■ Your instructions:
Pictures do not belong in your copy. Repeat all the other data exactly.

■ Exercise data:
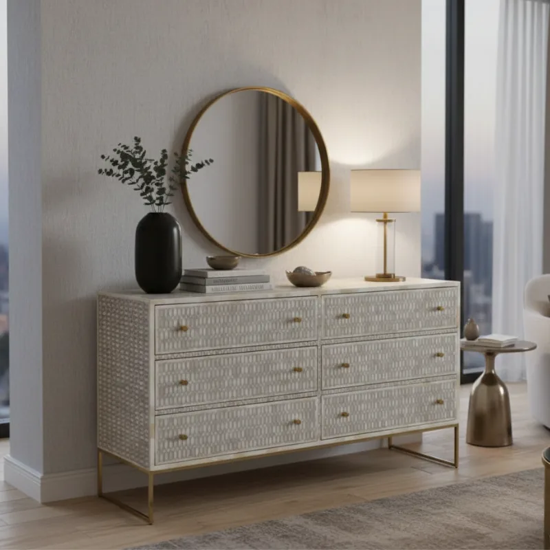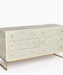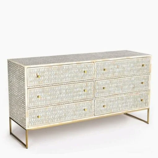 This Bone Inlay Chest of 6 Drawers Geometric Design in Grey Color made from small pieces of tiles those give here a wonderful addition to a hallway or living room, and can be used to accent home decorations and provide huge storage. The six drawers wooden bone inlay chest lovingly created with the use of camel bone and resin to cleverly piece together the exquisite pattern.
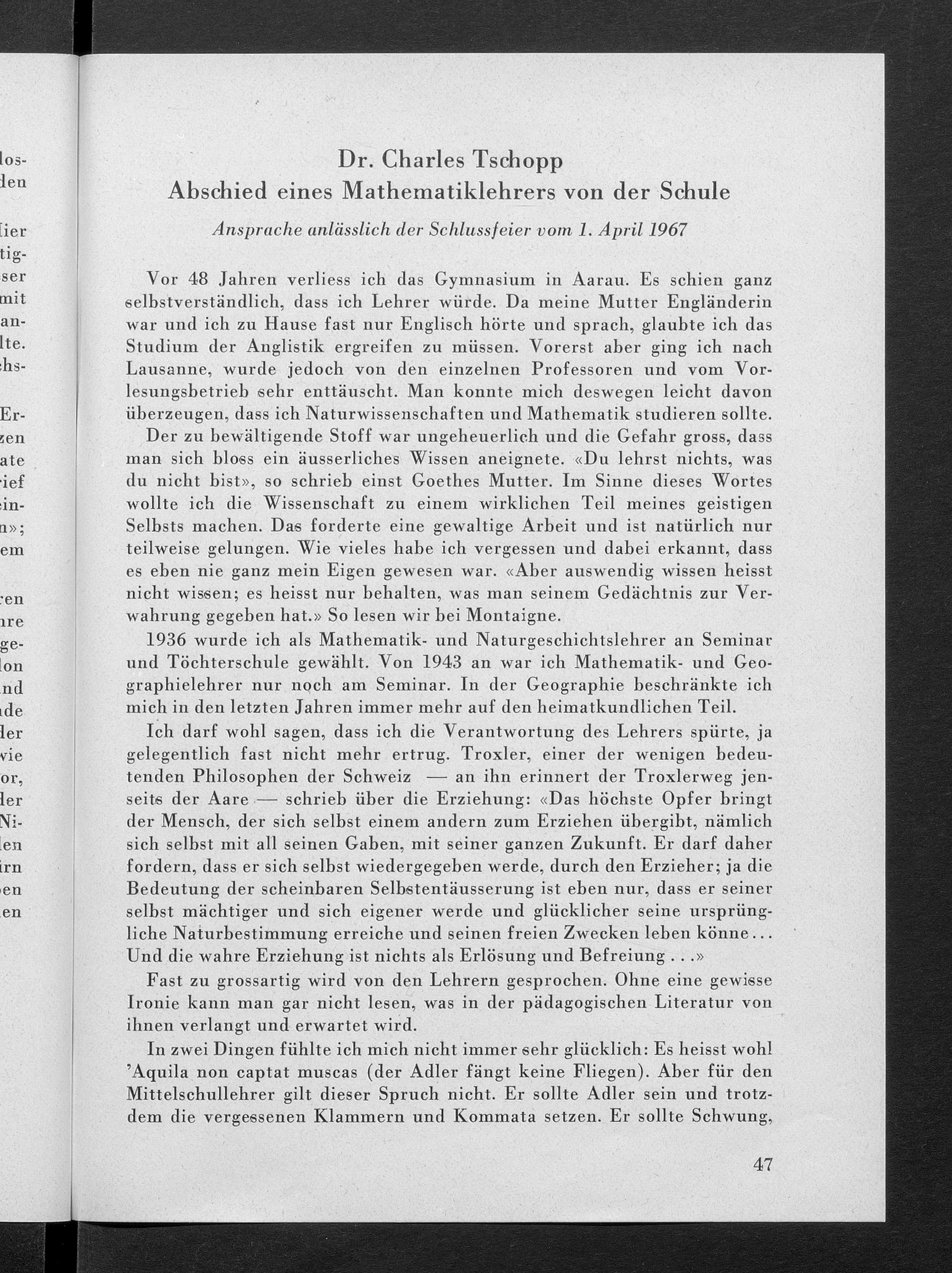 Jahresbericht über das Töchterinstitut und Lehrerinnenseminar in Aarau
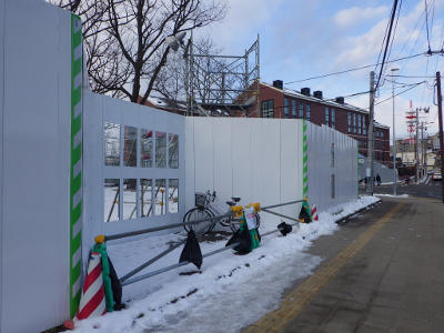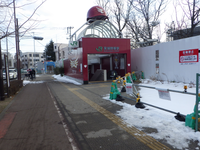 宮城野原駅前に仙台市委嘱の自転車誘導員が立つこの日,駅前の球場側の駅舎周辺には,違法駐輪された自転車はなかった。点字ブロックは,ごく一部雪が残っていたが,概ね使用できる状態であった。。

■ Exercise output:
 This Bone Inlay Chest of 6 Drawers Geometric Design in Grey Color made from small pieces of tiles those give here a wonderful addition to a hallway or living room, and can be used to accent home decorations and provide huge storage. The six drawers wooden bone inlay chest lovingly created with the use of camel bone and resin to cleverly piece together the exquisite pattern.
 Jahresbericht über das Töchterinstitut und Lehrerinnenseminar in Aarau
 宮城野原駅前に仙台市委嘱の自転車誘導員が立つこの日,駅前の球場側の駅舎周辺には,違法駐輪された自転車はなかった。点字ブロックは,ごく一部雪が残っていたが,概ね使用できる状態であった。。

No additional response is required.